Salah satu rangkaian penting dalam pelaksanaan ibadah haji adalah melempar jamrah. Ritual ini melibatkan melempar batu kerikil ke arah jamrah Sughra, Wustha, dan Kubra dengan niat mengenai objek jamrah (marma) dan memastikan kerikil tersebut masuk ke dalam lubang marma. Hukum melempar jamrah adalah wajib; jika ditinggalkan, jamaah berkewajiban membayar dam atau fidyah.
Ritual ini terdiri dari dua lontaran: melontar jamrah aqabah pada tanggal 10 Dzulhijjah dan lontaran jamrah di hari tasyrik pada tanggal 11, 12, serta 13 Dzulhijjah. Masing-masing lontaran menggunakan batu kerikil sebanyak tujuh kali.
Melempar jamrah bukan sekadar ritual, tetapi juga simbol perlawanan terhadap unsur-unsur kejahatan dan sifat-sifat syaithaniyah yang bersemayam dalam diri manusia. Aktivitas ini mengingatkan jamaah haji bahwa setan senantiasa berusaha menghalangi manusia untuk berbuat kebaikan. Oleh karena itu, melempar jamrah menjadi simbol perjuangan melawan segala godaan setan. Lontaran sebanyak tujuh kali mengisyaratkan bahwa perlawanan terhadap syaitan dan unsur-unsur kejahatan harus dilakukan dengan ulet dan sekuat tenaga.
Agar pelaksanaan ibadah haji mencapai kesempurnaan, penting untuk memperhatikan hal-hal yang disunahkan, termasuk tata cara melempar jamrah yang baik dan benar. Syekh Sa’id bin Muhammad Ba’ali dalam kitab Busyral Karim menyebutkan beberapa kesunahan dalam melontar jamrah, antara lain:
- Melempar jamrah dengan tangan kanan.
- Menghadap kiblat saat melempar pada hari tasyrik.
- Mengangkat tangan hingga terlihat ketiak bagi jamaah laki-laki.
- Melontar dengan cepat.
- Menggunakan batu yang suci.
Sebagaimana dijelaskan dalam kitab tersebut, “Kesunahan melontar jamrah ada banyak, di antaranya: cepat-cepat, menggunakan tangan kanan, mengangkat tangan bagi laki-laki sampai ketiaknya terlihat, menghadap kiblat pada melontar jamrah di hari tasyriq, menggunakan batu yang suci.”
Bagi jamaah perempuan, dianjurkan untuk tidak mengangkat tangan saat melontar jamrah. Namun, Imam al-Adzra’i berpendapat bahwa mengangkat tangan bagi jamaah perempuan adalah sunnah jika tidak ada orang lain di sekitarnya atau jika ditemani suami dan mahramnya.

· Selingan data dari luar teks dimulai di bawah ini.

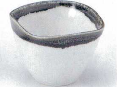
068-10-5E3 330円 1954071022 瀏グリーン角深小鉢 (8×8×6H)
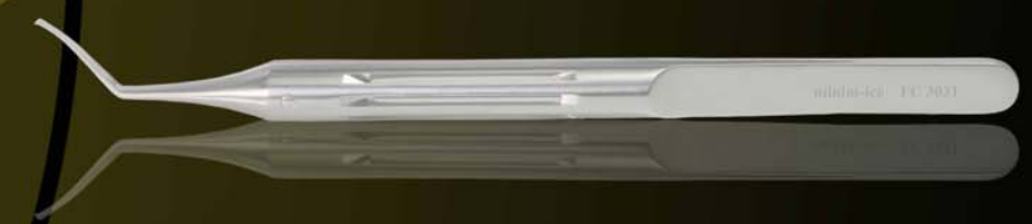
FC 3031: PINZA CAPSULORRESIS "MINIM-ICE 1.6", MANGO REDONDO, PALAS CURVAS, C/D.
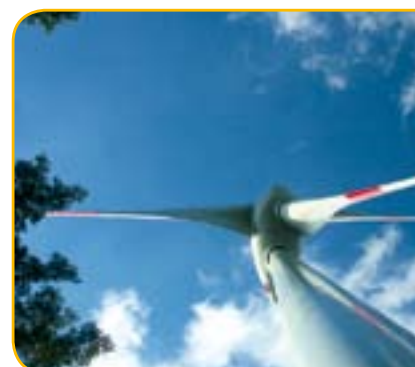
Die Nutzung von Windenergie im Schwarzwald

Anmeldung unter: www.local-renewables2007.org
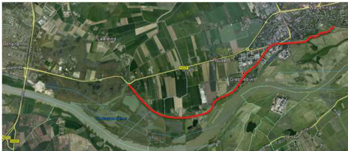
Figuur 2: de ligging van de Grebbedijk (in rood weergegeven)

In de Waterwet is de overstromingskansnorm voor de Grebbedijk vastgelegd op 1/100.000 per jaar (signaleringswaarde) en 1/30.000 per jaar (ondergrens).
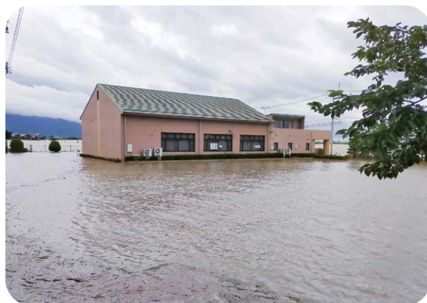
床上浸水した大堰交流センター
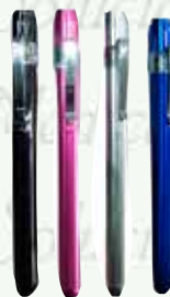
Lámpara para diagnóstico HomeCare HC-LAMP- P / A / LED

Plástica $ 60.00 Metálica $ 100.00 Luz de LED $ 135.00
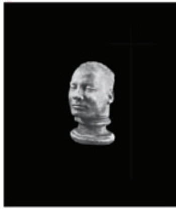
20. Henri Pranzini
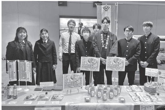
チ・カ・ホで販売実習を行った高校生の皆さん

されました。 猟友会常呂分会は、今回の一斉捕獲のみならず、4月から11月の有害駆除や冬期間のワッカ地域の駆除、ヒグマによる人身事故防止に向けた見回りの巡回など有害鳥獣被害防止にご協力をいただいております。 また有害鳥獣対策を効果的に行うために地域の被害状況を関係機関に伝える必要がありますので、被害調査報告にご協力をお願いいたします。
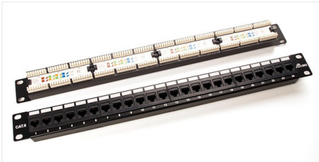
Patch Panel de 24 puertos
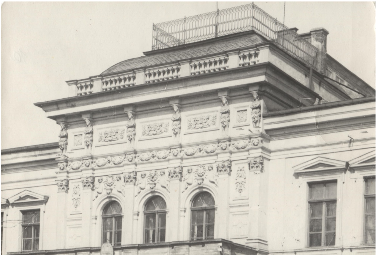
Obr. 6: Detailní pohled na budovu Hankova divadla (F665/10, Hankovo divadlo, fotosbírka, Městské muzeum Dvůr Králové nad Labem, nedatováno).
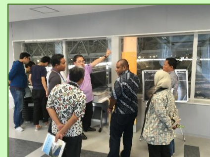
インドネシア研修員の見学(平成28年10月)

施設見学についても、県内外の行政団体や大学、企業等から数多くお越しいただき、多重の遮水構造をはじめ、当施設の高い安全性に興味を示されました。
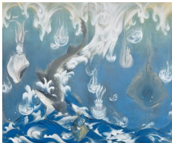
【左】草間彌生《海底》1983年、高橋龍太郎コレクション 画像転載不可
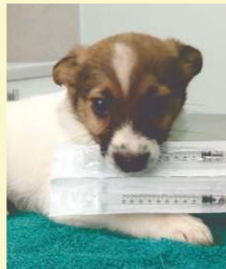
IL NOSTRO NUOVO "ASSISTENTE" A ROCCA D'EVANDRO ....
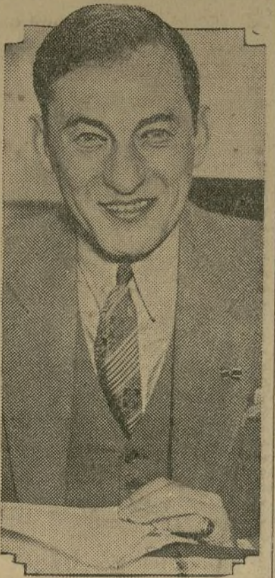
Alcalde James J. Walker

En favor de los niños pobres de Puerto Rico, que víctimas del hambre y las enfermedades, sufren un
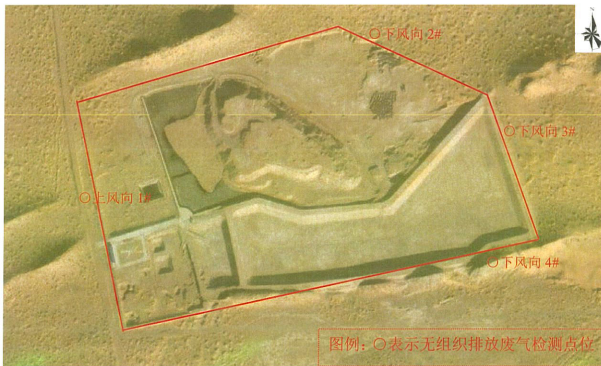
图 1-2 检测点位图(2025 年 5 月 27 日)
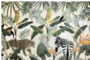
21 Into the wild p.62
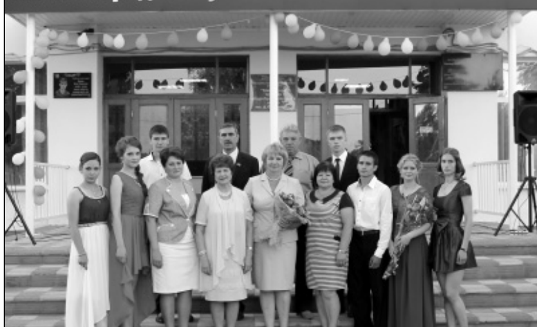
Мятлевские выпускники на парадном крыльце своей родной школы вместе с учителями и почетными гостями.
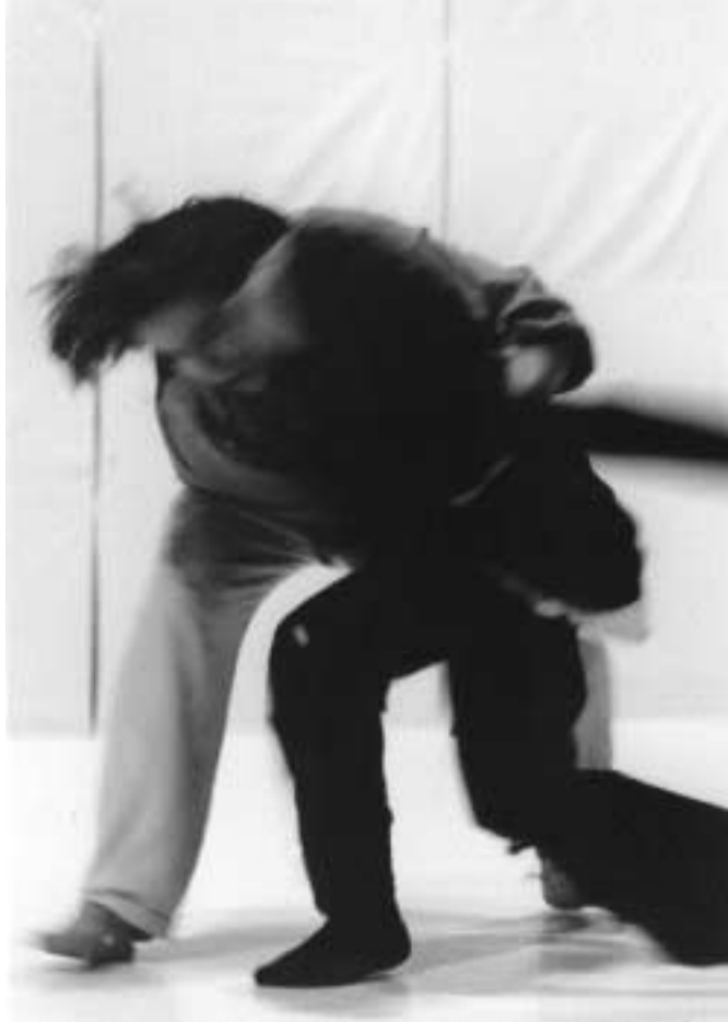
In Vivo Cie Jean Gaudin
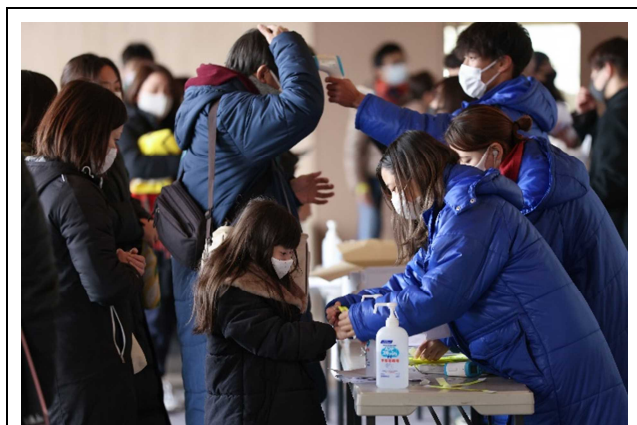
受付にて検温と消毒

Di samping kesunahan di atas, Syekh Khatib as-Syarbini dalam kitabnya juga menganjurkan jamaah haji untuk mengucapkan takbir setiap kali melempar jamrah. Hal ini sebagai pengganti bacaan talbiyah. Bacaan takbir yang dimaksud adalah:
“Allāhu akbar, Allāhu akbar, Allāhu akbar. Lā ilāha illallāhu wallāhu akbar. Allāhu akbar wa lillāhil hamdu.”
Artinya: “Allah Maha Besar, Allah Maha Besar, Allah Maha Besar. Tiada tuhan selain Allah. Allah Maha Besar. Segala puji bagi-Nya.”
Demikianlah penjelasan mengenai hikmah, tata cara, dan kesunnahan dalam pelaksanaan melempar jamrah. Semoga ibadah haji yang dijalani diterima oleh Allah SWT dan menjadi haji yang mabrur.